EXERCISE DESCRIPTION: Beginning with the line that contains "You must transport" in the material below, print each line exactly until the line that contains "A rocky hilltop" has been printed, then stop.

DATA TO PROCESS:
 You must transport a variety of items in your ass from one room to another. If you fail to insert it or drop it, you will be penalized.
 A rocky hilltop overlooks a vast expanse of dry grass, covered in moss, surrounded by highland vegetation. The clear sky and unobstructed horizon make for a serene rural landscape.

--

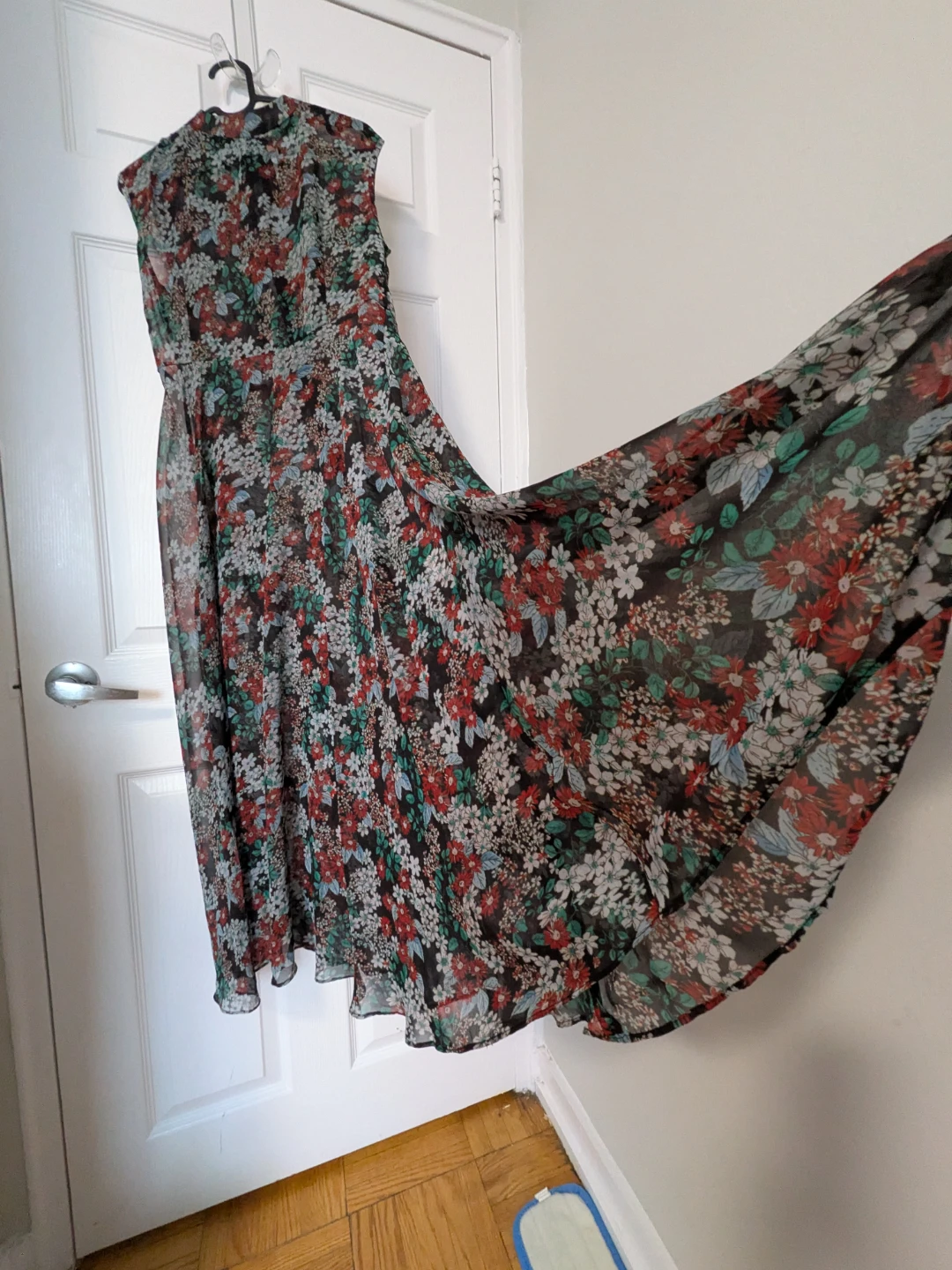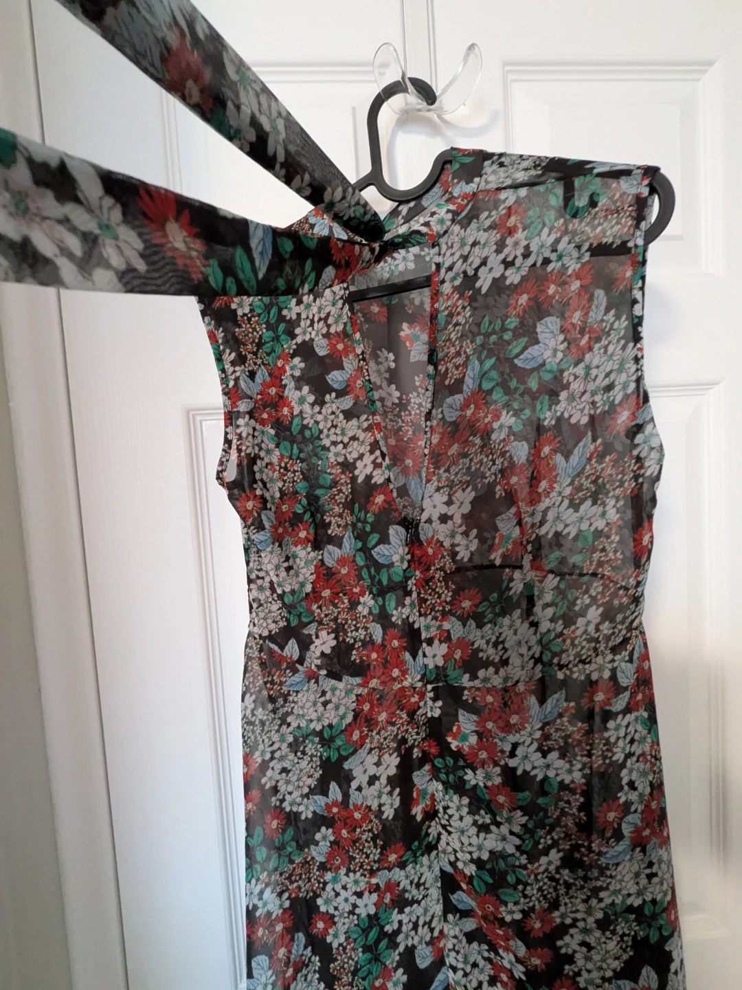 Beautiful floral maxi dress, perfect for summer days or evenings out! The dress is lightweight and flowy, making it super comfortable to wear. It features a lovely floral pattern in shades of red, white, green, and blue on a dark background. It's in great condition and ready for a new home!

--

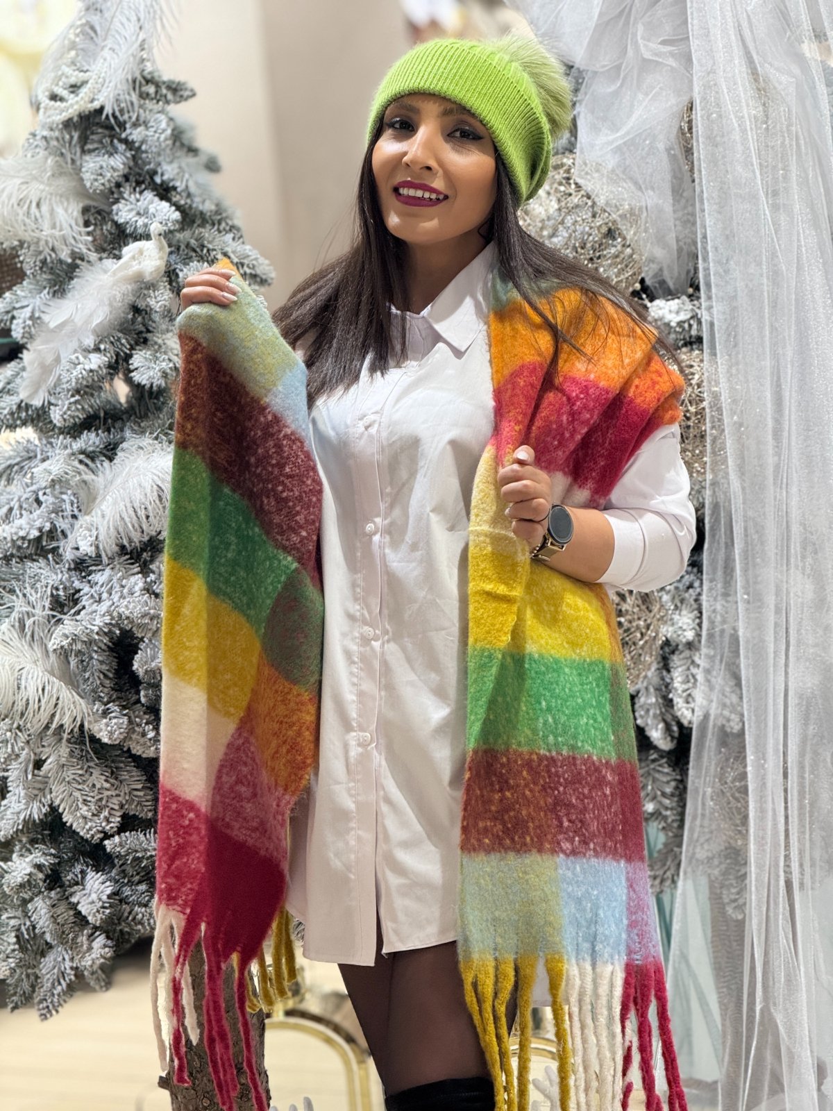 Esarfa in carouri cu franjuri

REPLY:
 You must transport a variety of items in your ass from one room to another. If you fail to insert it or drop it, you will be penalized.
 A rocky hilltop overlooks a vast expanse of dry grass, covered in moss, surrounded by highland vegetation. The clear sky and unobstructed horizon make for a serene rural landscape.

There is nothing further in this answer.